Доктор отмерил еще несколько метров. Я сказал ему, что, возможно, ему скучно уезжать за границу, но мне хочется использовать свой железнодорожный билет и свою путевку. Доктор возразил, что он склонен использовать благоразумно и свой билет и мою путевку. Мы поравнялись с воротами. Булыжный двор дымился жаркой пылью. Доктор приподнял шляпу. Черпанов ответно приложил руку к кожаной фуражке, и не знаю, то ли он просто хотел потереть ухо, то ли с нетерпением желал услышать от доктора его сообщение, но как бы то ни было он поднес правую ладонь к правому уху. Доктор еще раз колыхнул шляпой, теперь уже пренебрежительно. По тому, как он беседовал со мной, я склонен был думать, что к Черпанову он применит способ «трескучий» или, на худой конец, «научный». Однако поступок его с правым ухом и правой рукой доктор счел признаком или подражания, или насмешки: то и другое требовало скачкообразного способа.

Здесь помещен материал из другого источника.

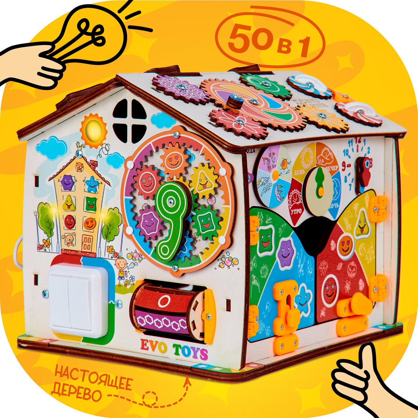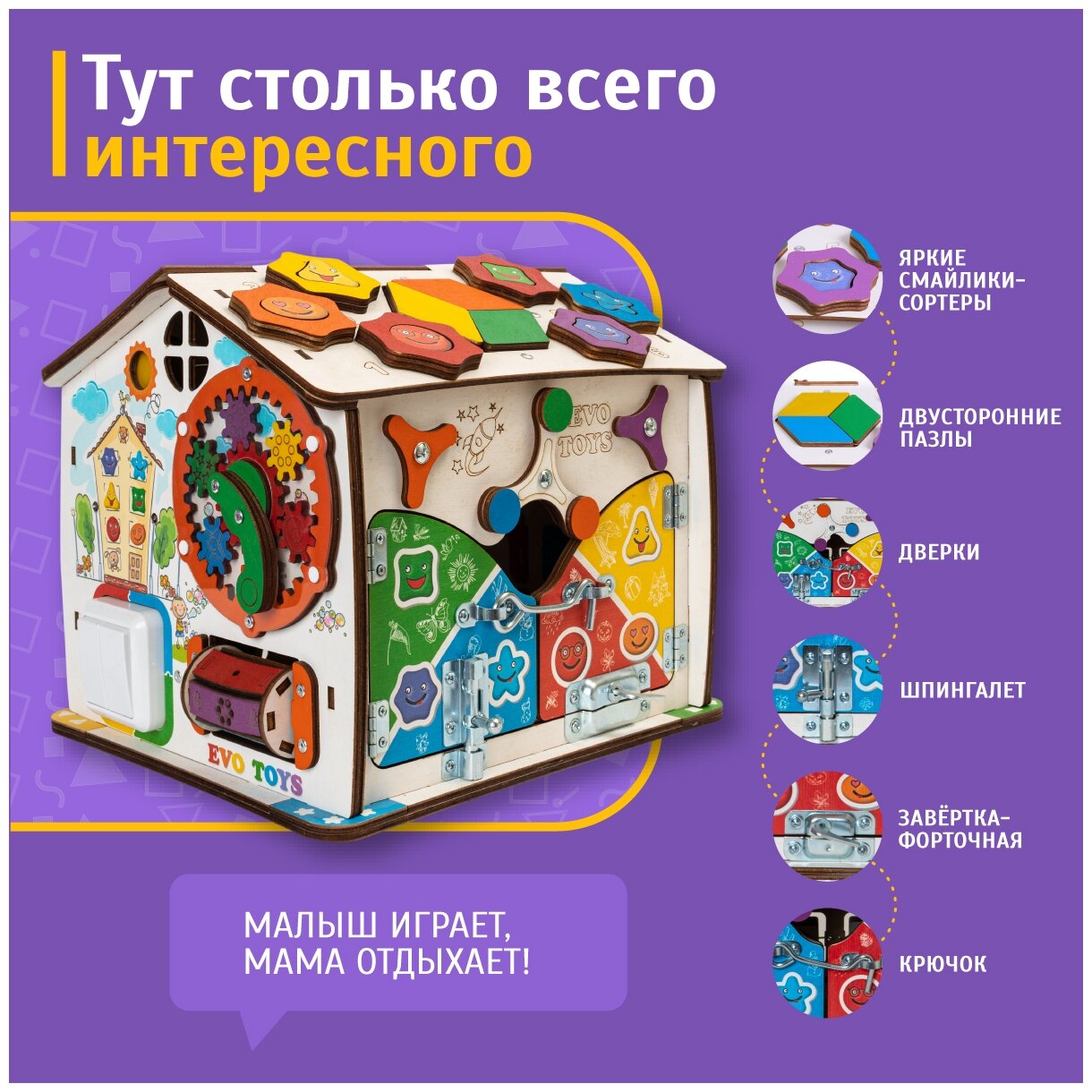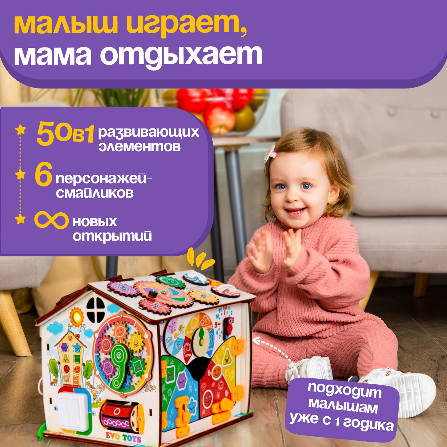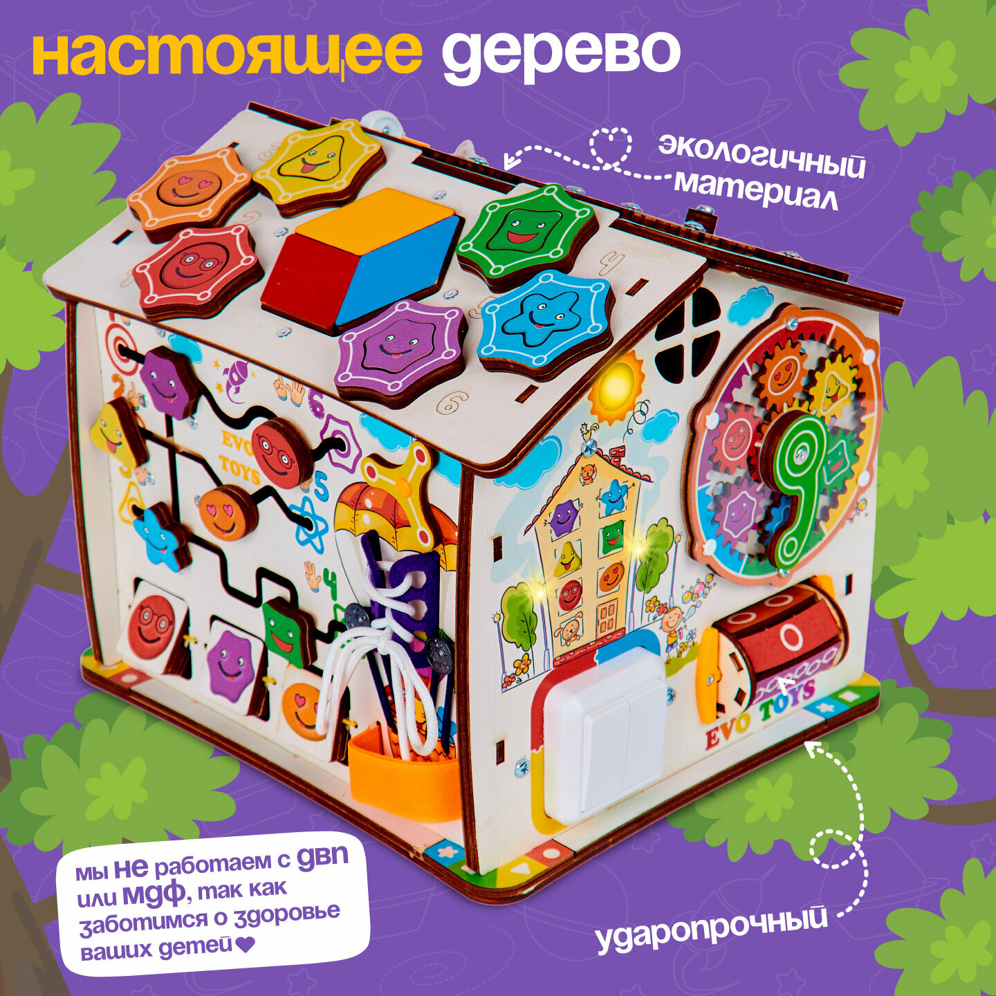 Купить Бизиборд домик развивающий Evotoys Бизидомик в котором живут Смайлики 25х25х29 со светом

Вот почему доктор остающиеся пять метров пробежал вприскочку – и ковырнул возле сконсовых усов, как бы желая их сорвать.
Без малейшего противоборствования Черпанов выронил портфель, икнул – и рухнул на колени.
Доктор привык спорить и побеждать, но осилить так быстро показалось даже ему странным. Он наклонился к Черпанову: не убился ли тот. Черпанов стоял на четвереньках, выпятив синий зад, украшенный маслянистыми лозами. Он попятился, едва доктор приблизился к нему. Он очищал место! Бок о бок с ним жаркий ветерок покачивал дряхлые ворота.
Доктор поднял руку к уху: левую к левому. Я понял это, как крайнюю растерянность.
– Мои интересы близки вашим, Черпанов. Будем соседями. Соседи характеризуются обычно ссорами. На какой-то короткий промежуток мы обойдемся без ссор. Наконец мы обсудим, ехать ли с вами на Урал, если вы для упрашивания считаете необходимым принять столь унизительную позу.
Черпанов поднял голову, вгляделся, отнял руку от булыжника. Присел на корточки. Потянулся было к портфелю. Доктор тщетно водил левой рукой возле левого уха.
– Позвольте, – воскликнул, приглядываясь, Черпанов. – Позвольте! Мы поверстаемся! Вы же не Лебедевы, честное слово, не Лебедевы!
– Не Лебедевы, – скромно ответил доктор.
Черпанов вскочил. И тут кулак его в пагубном бешенстве понесся по всему пространству ворот и опустился на голову доктора! Матвей Иванович присел. Я устремился к Черпанову. Вторично кулак нарисовал параболу ворот, приближаясь к моему уху. Я поднял навстречу узелок с провизией, который мы запасли в дорогу. Кулак пробил узелок. По тротуару покатились булочки, пирожки, куски колбасы, яйца.